MRAM long call positions are structurally bullish; the modeled P&L assumes European-style exercise at expiration and ignores early assignment, transaction costs, dividends paid before expiry on the stock leg (when present), and the bid-ask spread on the listed chain. MRAM positions also carry Technology sector concentration risk; news flow inside the sector (peer earnings, regulatory shifts, supply-chain headlines) can move MRAM alongside the broader basket even when MRAM-specific fundamentals are unchanged. Long-premium structures like a long call on MRAM are particularly exposed to IV-crush risk through scheduled events (earnings, FDA decisions, central-bank meetings) where IV typically contracts post-event regardless of the directional outcome. Always rebuild the position from current MRAM chain quotes before placing a trade.

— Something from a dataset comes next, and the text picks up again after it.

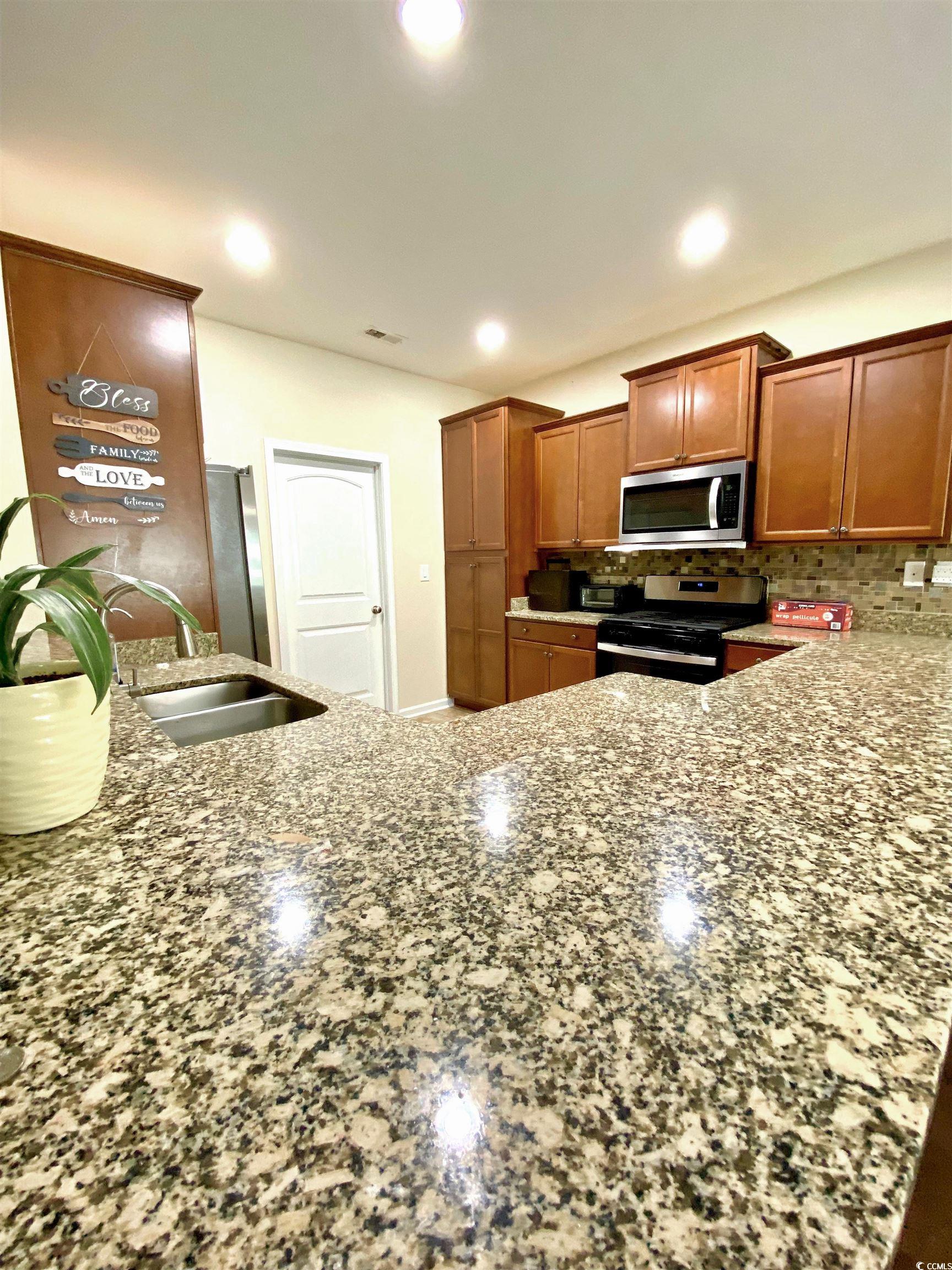 5 bedrooms, 3 full bathrooms. Master bedroom, 2 bedrooms, 2 full bathrooms downstairs. 2 bedrooms, 1 full bathroom and den (can be a living room). upstairs. Kitchen: granite counter top, stainless steel appliances, dining area. Backyard: screen covered porch, 20'x10' custom built storage house, patio, nice landscaping. Fully sprinkler, garage screened. Schedule for a tour, you won't be disappointed. The price IS INCLUDED FULLY FURNISHED, WASHER, DRYER, ALL LAWN TOOL EQUIPMENTS. REDUCED PRICE FOR A QUICK SALE TO MOVE!!!

Frequently asked questions
- What is a long call on MRAM?
- A long call on MRAM is the long call strategy applied to MRAM (stock). The strategy is structurally bullish: A long call buys upside exposure with a fixed maximum loss equal to the premium paid; profit accrues if the underlying closes above the strike plus premium at expiration. With MRAM stock trading near $22.64, the strikes shown on this page are snapped to the nearest listed MRAM chain strike and the premiums come straight from the end-of-day bid/ask midpoint.
- How are MRAM long call max profit and max loss calculated?
- Max profit is unbounded; max loss equals the premium paid times 100. Breakeven is strike plus premium. For the MRAM long call priced from the end-of-day chain at a 30-day expiry (ATM IV 121.60%), the computed maximum profit is unbounded per contract and the computed maximum loss is unbounded per contract. Live intraday quotes will differ as the chain moves through the trading session.
- What is the breakeven for a MRAM long call?
- The breakeven for the MRAM long call priced on this page is no defined breakeven on the modeled curve at expiration, derived from end-of-day chain premiums. Breakeven is the underlying price at which the strategy's P&L crosses zero ignoring transaction costs and assignment risk. The current MRAM market-implied 1-standard-deviation expected move is approximately 34.86%; if the move sits well outside the breakeven distance, the structure's risk-reward becomes correspondingly tighter.
- When should you consider a long call on MRAM?
- Long calls on MRAM express a bullish thesis with defined risk; traders use them ahead of MRAM catalysts (earnings, product launches, macro events) when the expected upside justifies the premium and theta decay.
- How does current MRAM implied volatility affect this long call?
- MRAM ATM IV is at 121.60% with IV rank near 38.66%, which is mid-range against its 1-year history. Strategy selection depends more on directional thesis and expected move than on a strong IV signal.